**Work to be completed**
Among the lines below, take the one holding "- Quirico, Eric;", the one holding "im Hochbeet oberhalb", and all lines between them. Set them down exactly.

**Study material**
════════
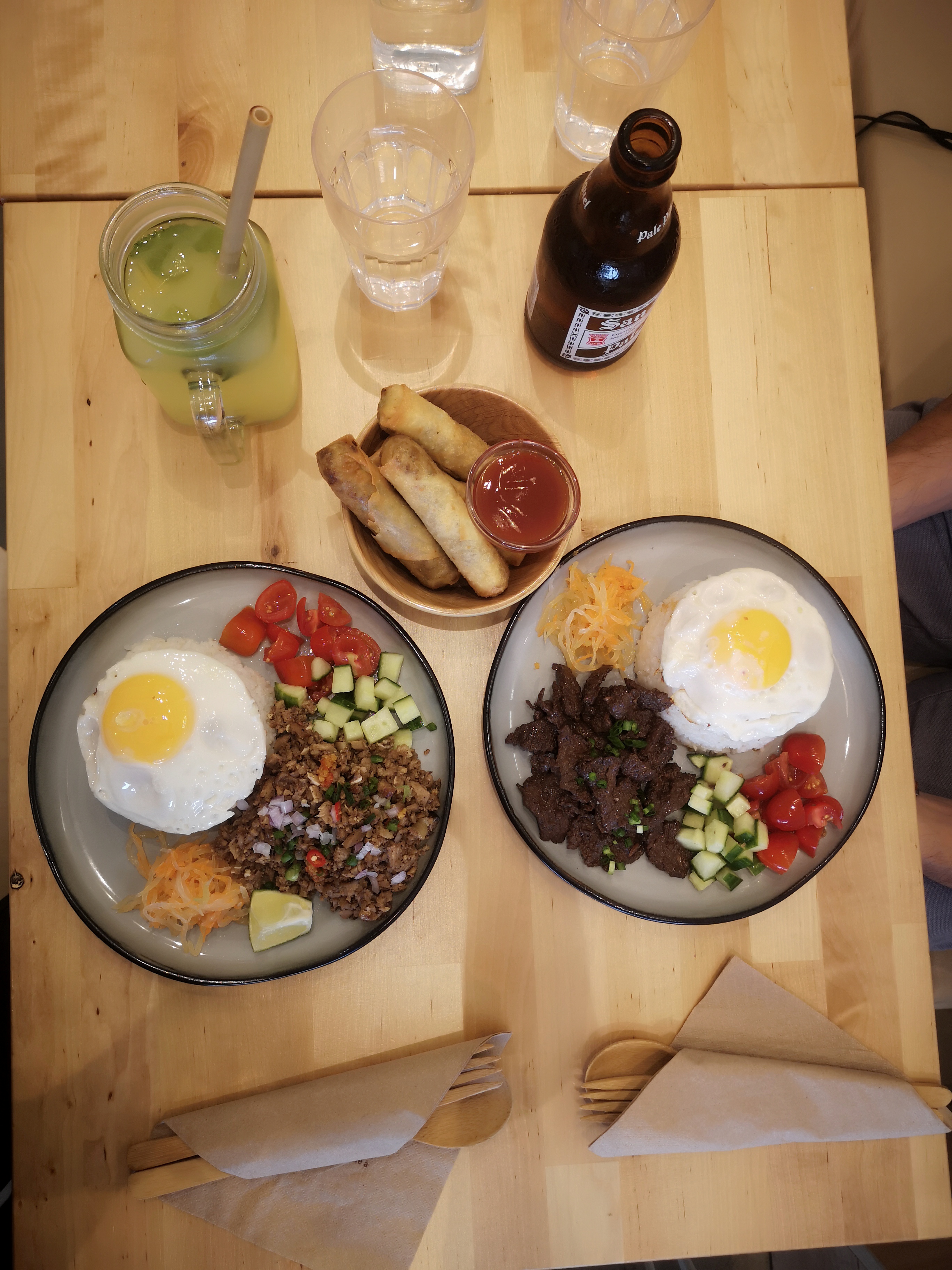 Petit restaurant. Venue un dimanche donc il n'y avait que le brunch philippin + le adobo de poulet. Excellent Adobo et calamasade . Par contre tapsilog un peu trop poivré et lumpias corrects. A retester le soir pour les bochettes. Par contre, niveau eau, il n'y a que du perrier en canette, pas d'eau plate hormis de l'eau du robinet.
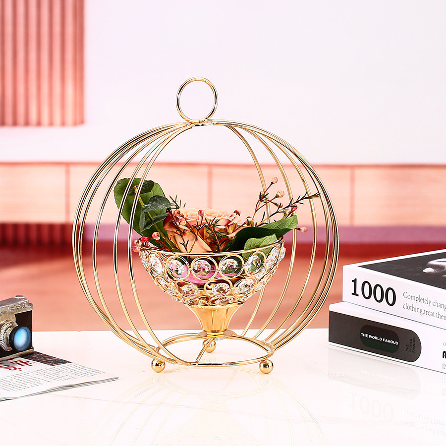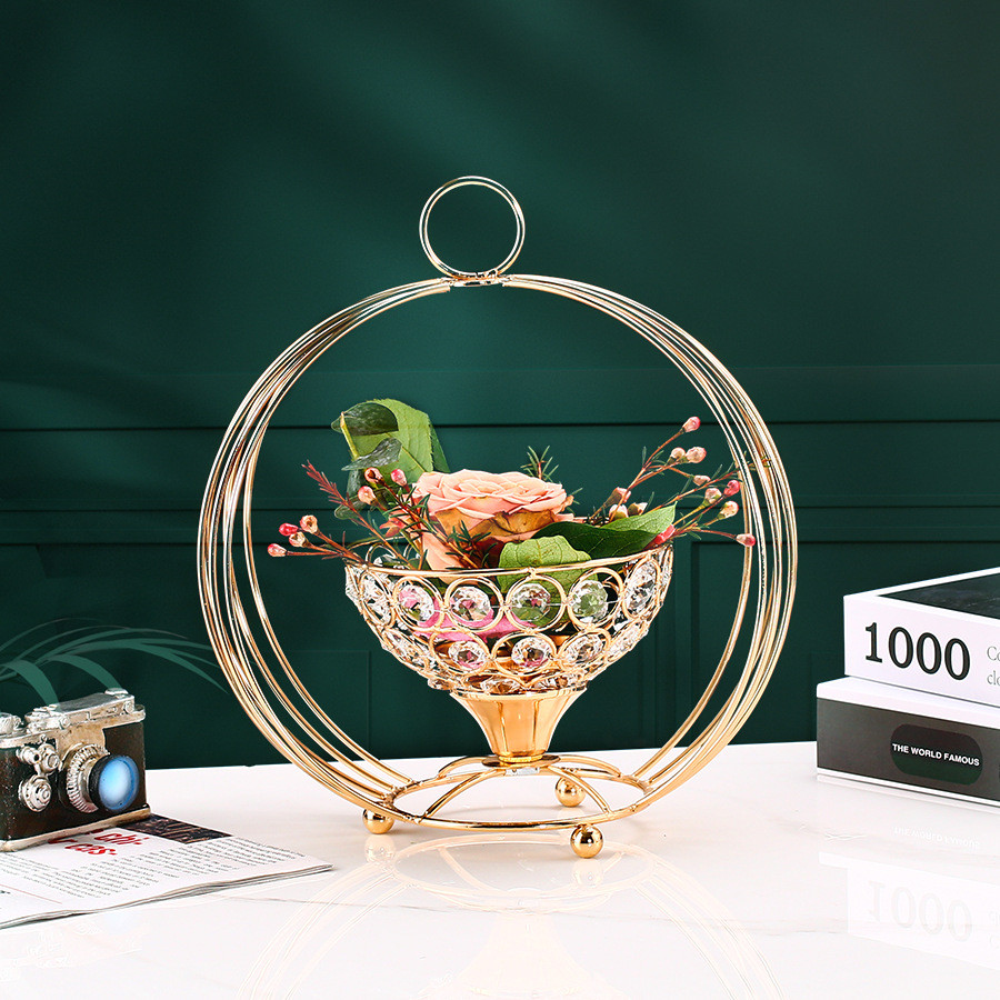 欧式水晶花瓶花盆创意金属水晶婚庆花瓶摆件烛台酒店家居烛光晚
════════
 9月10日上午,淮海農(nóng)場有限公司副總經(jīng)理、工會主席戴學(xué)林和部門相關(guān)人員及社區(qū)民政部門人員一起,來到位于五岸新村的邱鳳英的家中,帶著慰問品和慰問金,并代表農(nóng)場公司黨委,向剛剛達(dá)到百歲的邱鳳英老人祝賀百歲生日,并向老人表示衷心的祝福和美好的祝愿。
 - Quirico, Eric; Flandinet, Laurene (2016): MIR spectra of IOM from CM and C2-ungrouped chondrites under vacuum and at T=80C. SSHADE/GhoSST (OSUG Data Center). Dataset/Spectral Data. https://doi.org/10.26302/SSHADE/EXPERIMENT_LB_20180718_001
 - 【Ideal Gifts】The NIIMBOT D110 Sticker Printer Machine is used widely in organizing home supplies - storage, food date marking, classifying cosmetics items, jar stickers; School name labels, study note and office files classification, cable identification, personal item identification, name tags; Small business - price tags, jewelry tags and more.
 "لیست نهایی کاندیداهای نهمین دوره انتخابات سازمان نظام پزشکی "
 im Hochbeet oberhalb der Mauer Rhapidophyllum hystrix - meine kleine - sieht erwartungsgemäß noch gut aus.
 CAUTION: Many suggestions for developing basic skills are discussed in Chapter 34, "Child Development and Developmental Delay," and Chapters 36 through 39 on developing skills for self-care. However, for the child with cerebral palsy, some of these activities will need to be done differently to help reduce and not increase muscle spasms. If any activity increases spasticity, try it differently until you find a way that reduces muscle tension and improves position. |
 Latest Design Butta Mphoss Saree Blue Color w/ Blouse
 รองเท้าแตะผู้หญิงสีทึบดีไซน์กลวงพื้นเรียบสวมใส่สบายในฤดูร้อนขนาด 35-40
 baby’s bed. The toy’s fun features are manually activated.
════════
**Reply**
 - Quirico, Eric; Flandinet, Laurene (2016): MIR spectra of IOM from CM and C2-ungrouped chondrites under vacuum and at T=80C. SSHADE/GhoSST (OSUG Data Center). Dataset/Spectral Data. https://doi.org/10.26302/SSHADE/EXPERIMENT_LB_20180718_001
 - 【Ideal Gifts】The NIIMBOT D110 Sticker Printer Machine is used widely in organizing home supplies - storage, food date marking, classifying cosmetics items, jar stickers; School name labels, study note and office files classification, cable identification, personal item identification, name tags; Small business - price tags, jewelry tags and more.
 "لیست نهایی کاندیداهای نهمین دوره انتخابات سازمان نظام پزشکی "
 im Hochbeet oberhalb der Mauer Rhapidophyllum hystrix - meine kleine - sieht erwartungsgemäß noch gut aus.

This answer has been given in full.